Harvey Sweetland Lewis (born April 1976) is an American ultrarunner.

Lewis represented Team USA at the International Association of Ultrarunners (IAU) 24 Hour World Championship in 2012, 2013, 2014, and 2017. Lewis's qualifying run for the 2017 championship was 157.9 miles on September 19, 2015, when he won the NorthCoast 24-Hour Endurance Run in Cleveland, OH.

Lewis has competed in well known events such as the Badwater Ultramarathon, Arrowhead Region Ultra and the Marathon des Sables, as well as lesser known endurance events such as the Ultra Gobi, where part of the challenge for the 50 participants is in self-navigating and self-supporting the 400 km course (250 miles) through the Gobi Desert in western China, with temperatures ranging from below freezing to 100 °F.
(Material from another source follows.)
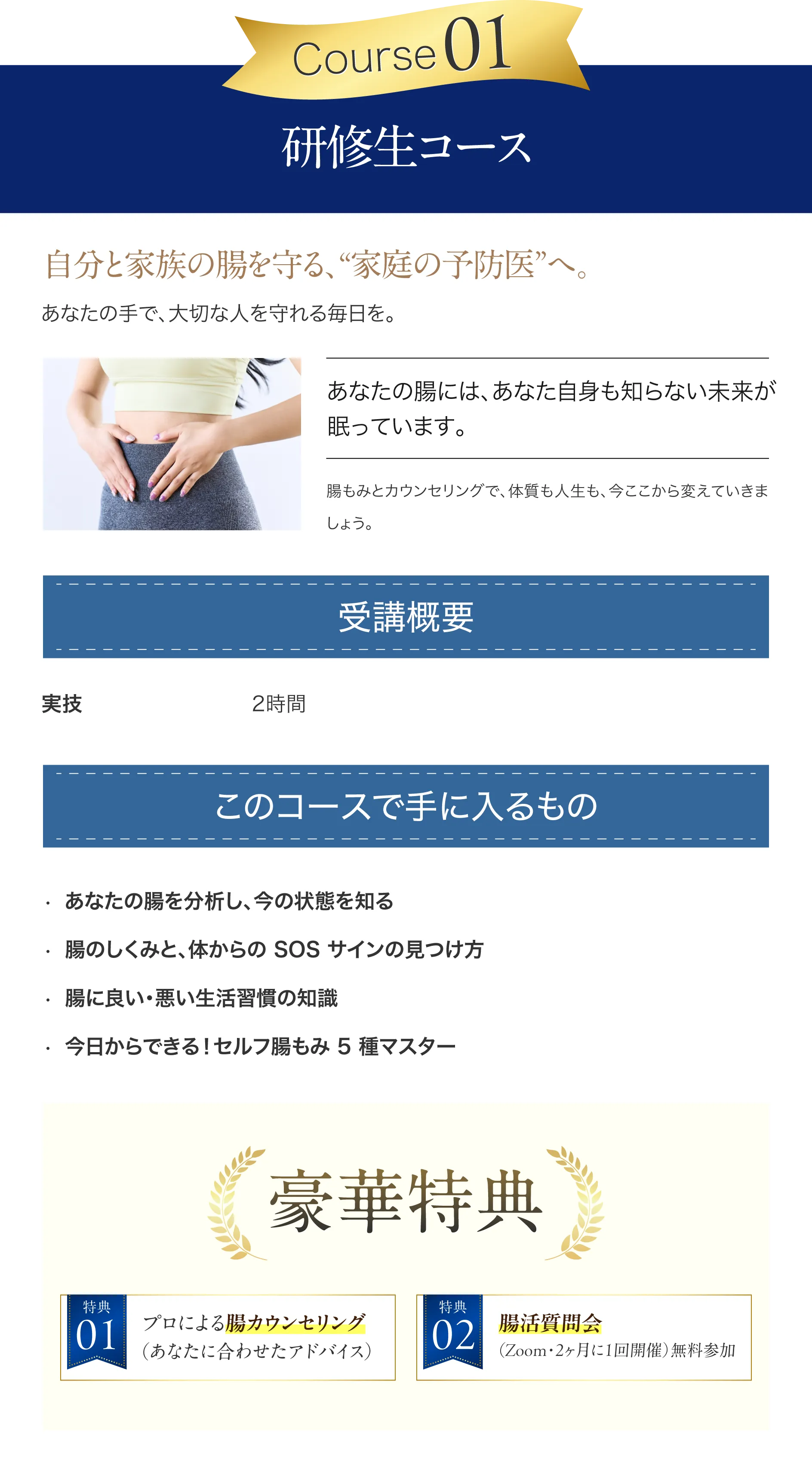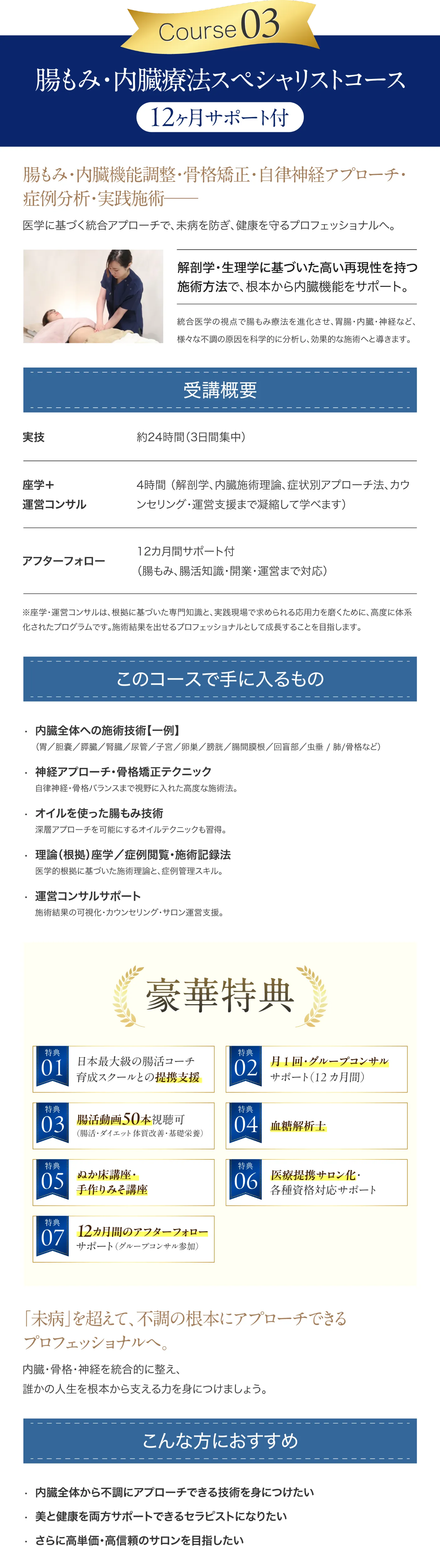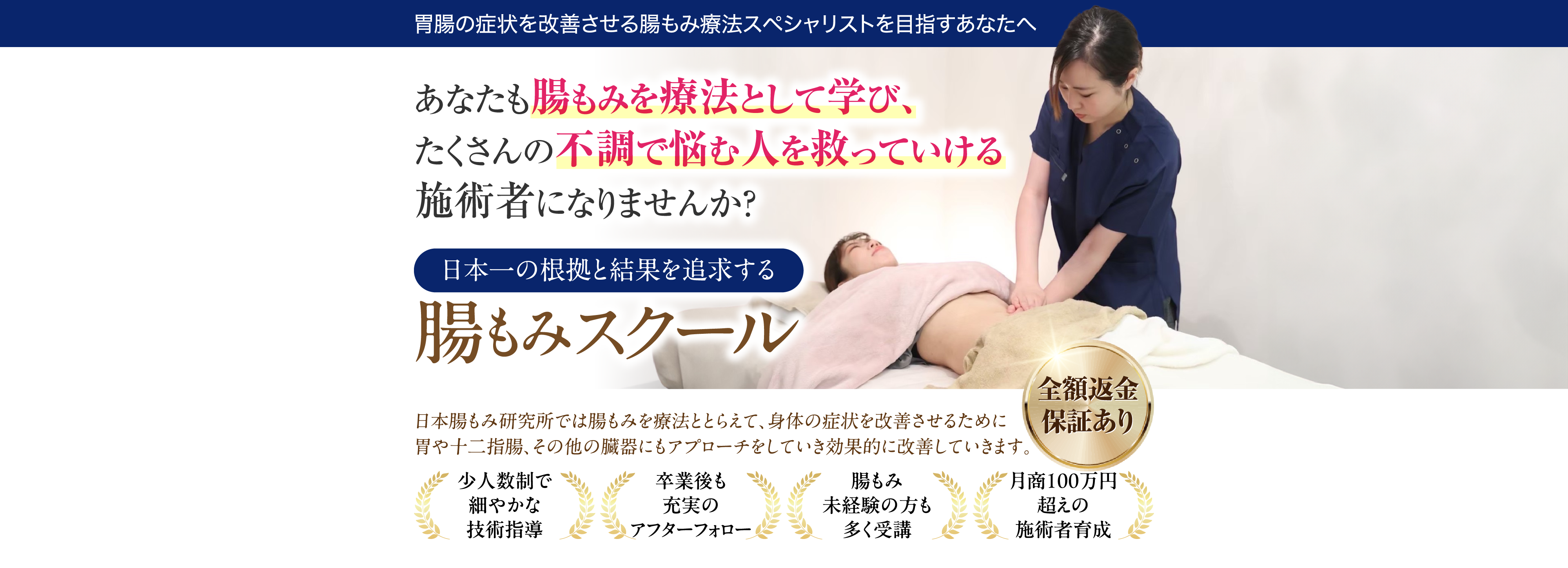 腸もみサロンの新規開業者や、既存サロンのメニュー拡充に最適な内容。

In July 2014, Lewis won the Badwater Ultramarathon near Death Valley, CA, in just under 23 hours and 53 minutes. This race is touted as the world's toughest foot race due to extremely hot temperatures and immense elevation changes throughout the course. Six months later near the Canada–US border in International Falls, MN, Lewis tied for second place at the Arrowhead 135.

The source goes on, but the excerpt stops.